Occasionally, on my blog or in some other lost chronic, I have talked about ¨La Gallega ¨, the neighbor of my grandmother. The truth is that I forgot her name long ago, if I ever knew it. Everyone called her “La Gallega”, I’m not sure why, because she was born in the middle of the Sierra Maestra (Mountain Range).
At the beginning of 1990s, she emigrated to Ciego de Avila, like so many of her fellow citizens. “Things were not good in the Eastern Cuban. She told my grandmother that her family consisted in 14 members who lived in a house that was smaller than hers. Then she told her sister: I’m going to seek fortunes in Camagüey, there is work there.
¨I sent my children first and look at me; I’m here, I’m your neighbor. “La Gallega was a very strong old woman; she was always spirited, helpful and talkative. She had a very unique vision of manners: she asked permission for everything and apologized each time she asked permission. It was something like this: “Luisita, may I come to your house and I’m sorry for asking.”
That provoked very fun to my grandmother. One day I found out that La Gallega could not read or knew very little. I could not imagine someone to be almost illiterate thirty years after the Literacy Campaign! I wanted to teach her the letters, but she said no, that she was too old to learn, that she had enough with what she knew, that she could not read the newspaper but she could add, subtract and even multiply … and she added that for me to see that she was not an ignorant, she would recite the poem: ¨Los zapaticos me aprietan¨, and indeed, she did it without making any mistake.
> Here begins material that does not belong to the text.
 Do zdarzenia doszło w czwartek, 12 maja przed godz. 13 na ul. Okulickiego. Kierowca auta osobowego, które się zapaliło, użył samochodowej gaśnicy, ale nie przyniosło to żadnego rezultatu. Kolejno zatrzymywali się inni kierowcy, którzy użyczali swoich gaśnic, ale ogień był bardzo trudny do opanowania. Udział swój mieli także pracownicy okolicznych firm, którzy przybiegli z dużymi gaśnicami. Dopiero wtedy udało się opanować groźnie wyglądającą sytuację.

That was not the only “pearl” of La Gallega. She once told me she had never gone to the movies, but that movies should not be nicer than watching a sunset through the branches of the bushes of her yard. Such sensitivity and nobility moved me a lot. Another day in which I went to steal mangoes I heard her singing a Mexican ranchera. She sang very well.
Those who live in the city do not have much idea of the passion felt by our peasants for traditional Mexican music, and e specially those from the East of the country. Almost all provincial radio stations have specialized programs in which you can listen to rancheras and corridos of dissimilar eras, themes and qualities. They broadcast the classics of the genre, but also any small group or band.
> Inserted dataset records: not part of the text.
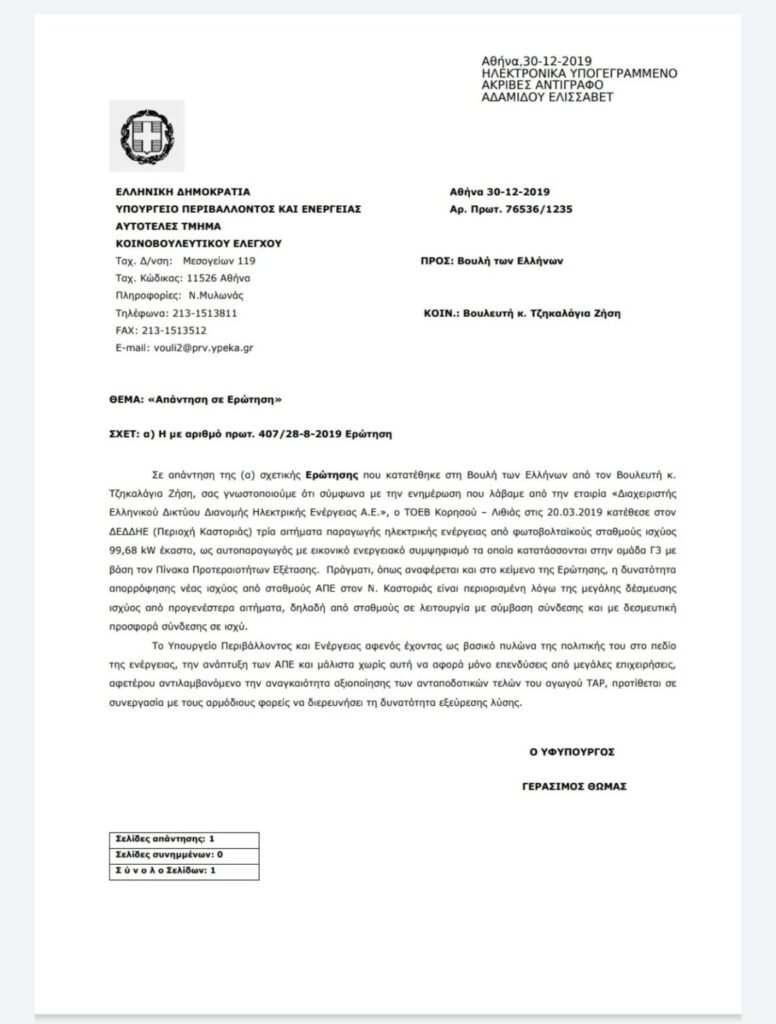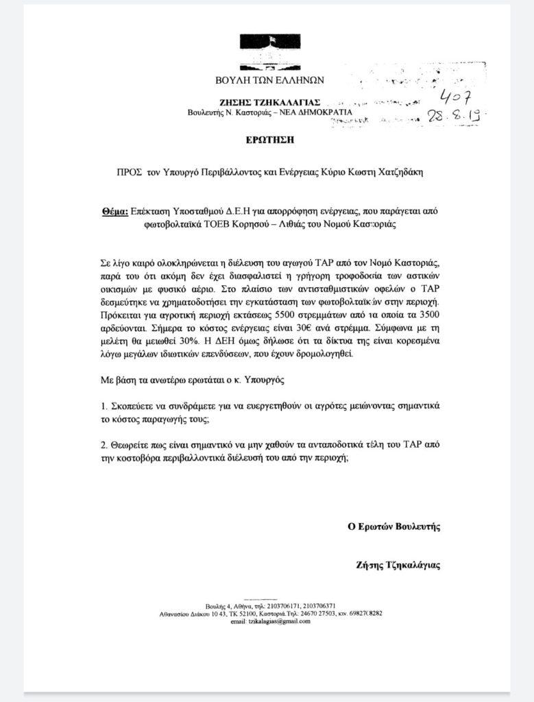 •Αρχικά ,με αφορμή την κατασκευή φωτοβολταϊκών ,του ΤΟΕΒ-ΚΟΡΗΣΟΥ-ΛΙΘΙΑΣ ως ανταποδοτική από την διέλευση του αγωγού TAP, προχώρησα σε κοινοβουλευτική ερώτηση προς τον αρμόδιο Υπουργό κ.Κωστή Χατζηδάκη.
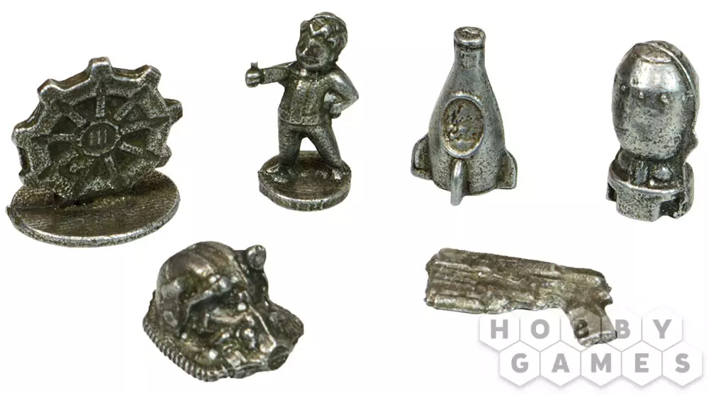 Игровые фишки выполнены в стиле атомпанк и являются символами вселенной: 10-мм пистолет, Волт-Бой, Убежище 111, Шлем от силовой брони, Ядерный минизаряд и бутылка Ядер-колы
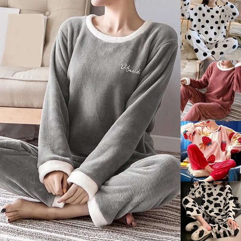 Женская пижама, зимняя фланелевая теплая одежда для сна с длинным рукавом, две пижамы из плотного кораллового флиса, Ночная одежда, Женский комплект, пижама для зимы
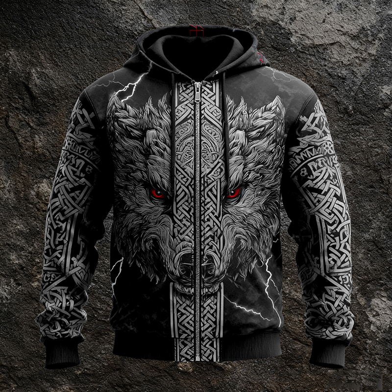 Men's Viking Lightning Wolf Runes Vegvisir Vintage Full Zip Hoodie
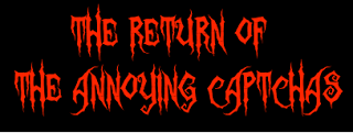 Captcha (short for Captain Chaos) is a test you must perform in order to convince a computer that you are not a computer. For instance, say it's yesterday and you wish to comment on one of Evil Editor's blog posts. You type out a lengthy comment which is sure to entertain and enlighten the Evil Minions. In order to publish the comment, you must, of course, get it past Evil Editor’s Evil Eye™, but first you must pass the captcha test, in which a series of letters are displayed, and you must type them. Failure to correctly reproduce the series of letters is evidence that you aren't a human, and we don't want you here.
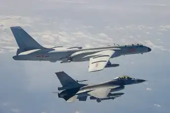 ROCAF F-16 shadows an H-6 of the 28th Regiment, 10th Bomber Division
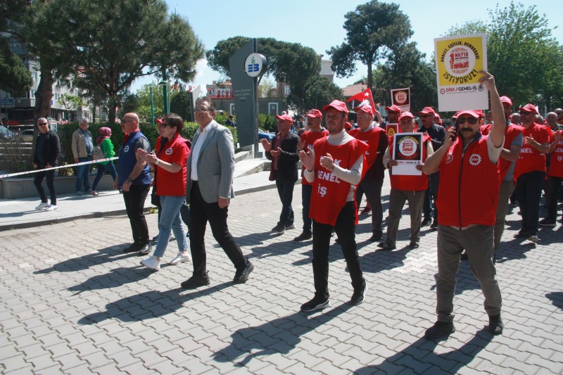 Edremit’te Vergi Dairesi önünden başlayan 1 Mayıs yürüyüşüne katılan sendikalar, sivil toplum kuruluşları ve siyasi partiler Baraj Caddesi ve Azerbaycan Bulvarı üzerinden devam ederek Şehit Hamdibey Meydanı’nda toplandı. Yürüyüşe ve kutlama programına Edremit Belediye Başkanı Selman Hasan Arslan da eşlik etti. Meydanda yapılan saygı duruşu ve İstiklal Marşı’nın okunmasının ardından etkinlikler 1 Mayıs Tertip Komitesi Başkanı, DİSK/Genel-İş Edremit Belediyesi Baştemsilcisi Ceyda Uzunkaya’nın konuşması ile başladı.
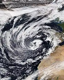 Storm Clement was named by AEMET on 27 November. It was located near the Azores Islands when it was named. By 28 November, Clement had moved slightly farther south and was affecting the Canary and Madeira Islands.[39] The storm stalled, keeping the worst conditions away from mainland Europe. Portugal and some parts of Western Spain did see Clement's outer bands.[40] The NHC was also monitoring the system for tropical or subtropical development. After stalling for about 4 days, the system dissipated on 2 December.[41][42]

Many of these songs are authentic miniaturized melodramas: they tell a very emphatic story plethoric of emotional arabesques. They talk about jealousy, betrayal, impossible love, revenge, people in jail for killing his wife’s lover or his wife herself, dearest mothers who go to see the son in prison, abandoned children at the door of the church, disrupted marriages, the Virgin … It is the deepest sensitivity of a people, for better and for worse.
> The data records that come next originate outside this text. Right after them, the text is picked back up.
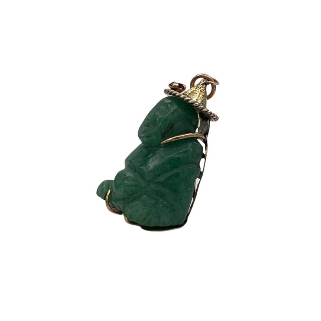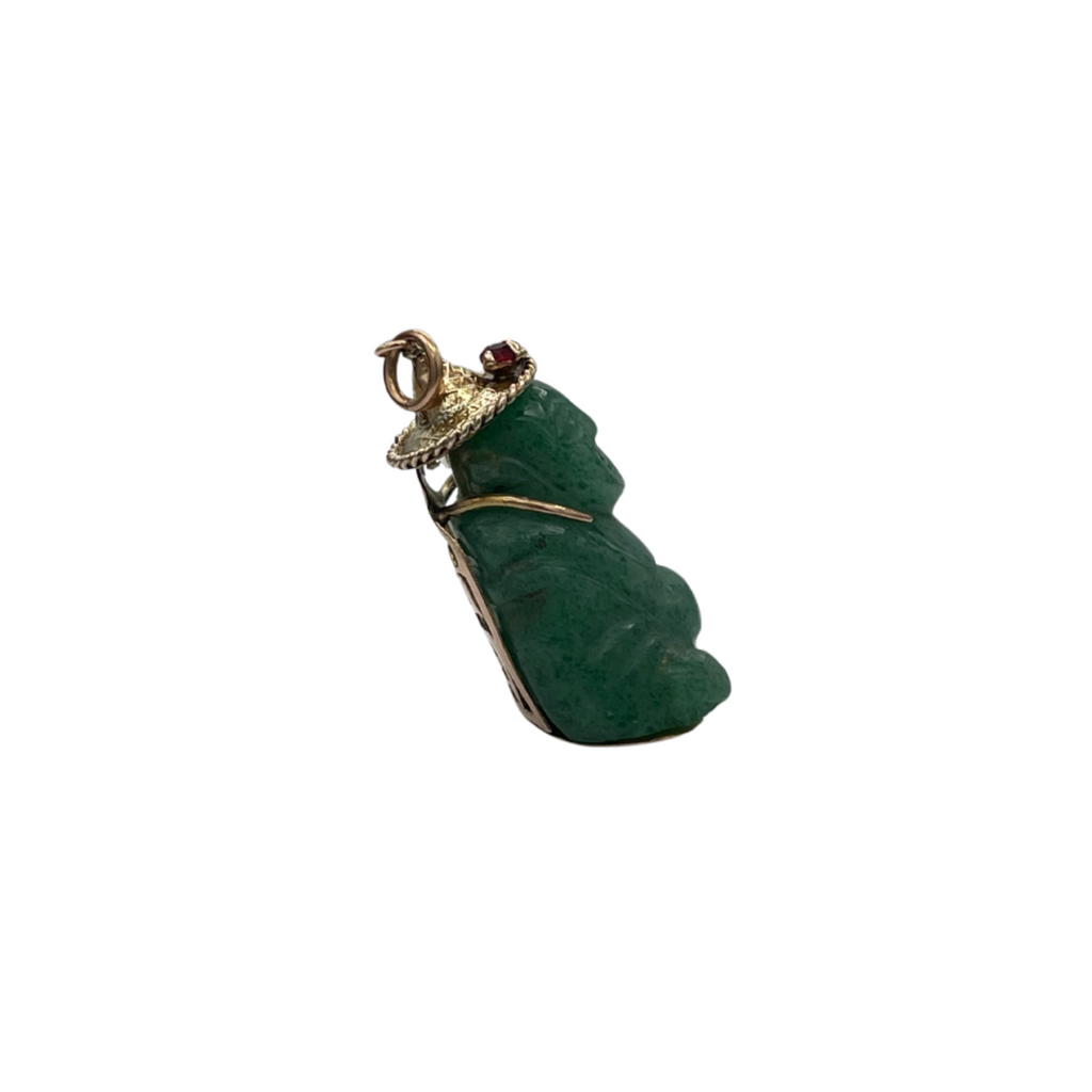 Genuine Vintage Carved Aventurine Quartz Buddha charm/pendant encased in 14k yellow/rose gold, with little decorative red glass stone on hat.
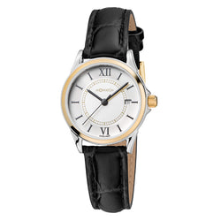 Sorgfältig gefertigtes zeitloses Design. Diese elegante Uhr verfügt über ein raffiniertes schwarzes Lederarmband, kombiniert mit einem 28 mm IP-vergoldeten Gehäuse. Das weisse Zifferblatt ist mit schwarzen römischen Ziffern verziert, die einen Hauch von klassischem Charme und Präzision verleihen. Ausgestattet mit einem Quarzwerk und handgefertigt in unserer Fabrik garantiert diese Swiss Made Uhr präzise Zeitmessung mit jedem Ticken. Ein perfekter Begleiter für alle, die eine Kombination aus Eleganz und Handwerkskunst zu schätzen wissen.
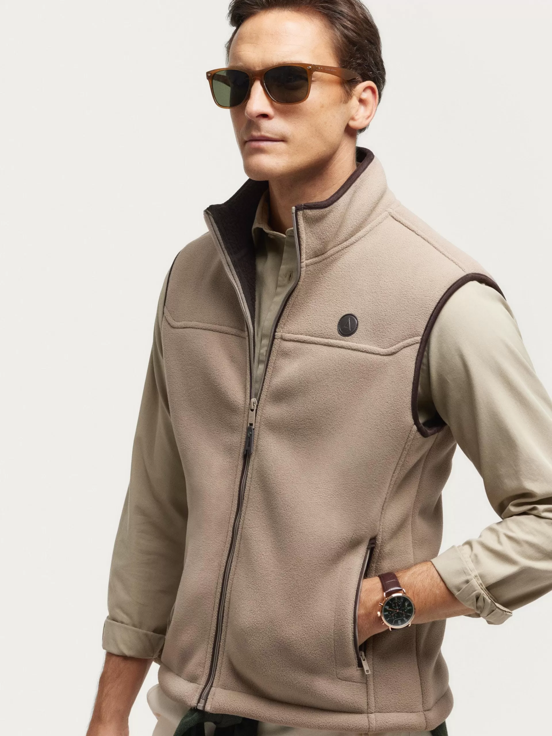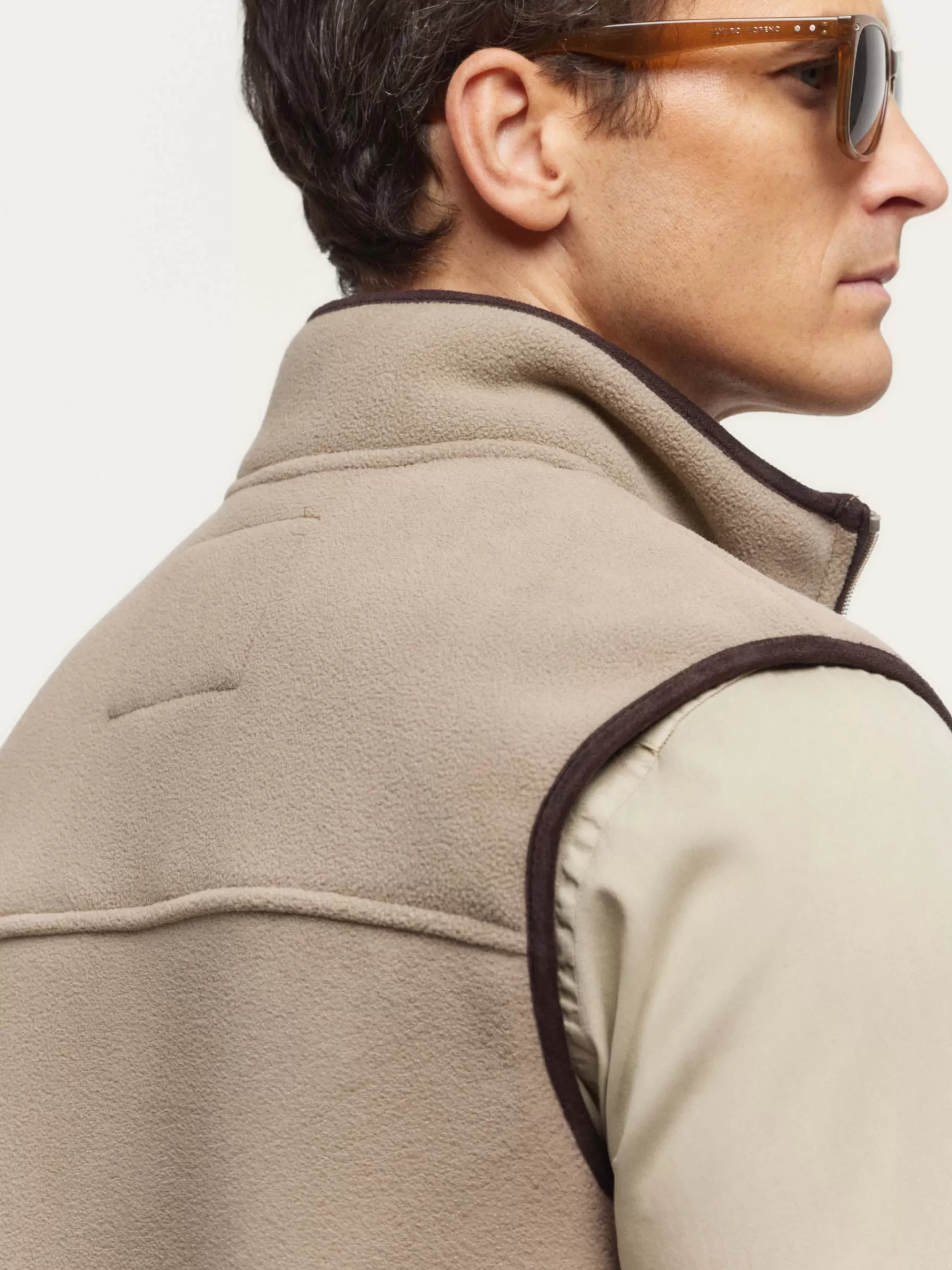 Chaleco confeccionado en tejido avivado en antelina en su exterior y forrado en su interior en borreguillo. Cuenta con cierre central mediante cremallera personalizada, dos bolsillos en su exterior y logo grabado en su frontal. Corte regular fit.

And that sensibility fits nicely with the tastes and entertainment needs of many of the Cuban peasants. Since most of them live more or less peaceful lives. They rejoice with tangles and tragedies of the singers. La Gallega, for example, had not victim even of a robbery, but she profusely cried for the misfortunes of the angry lover of any of those songs. ” That’s life, little boy, we come into this world to suffer and the best way of suffering is singing our sufferings.
Singing crying! –she stated that day that I surprised her singing with tears in her eyes. She sang with so much inspiration, strength and truth that I forgot the mangoes. She continued touring her repertoire, which was large and frightful, while cutting the grass of the yard. And I sat to listen to her. When my grandmother called me out for taking a bath, the improvised artist told me: “From now on, you won´t call me La Gallega any more, you will call me the Mexican Pigeon!”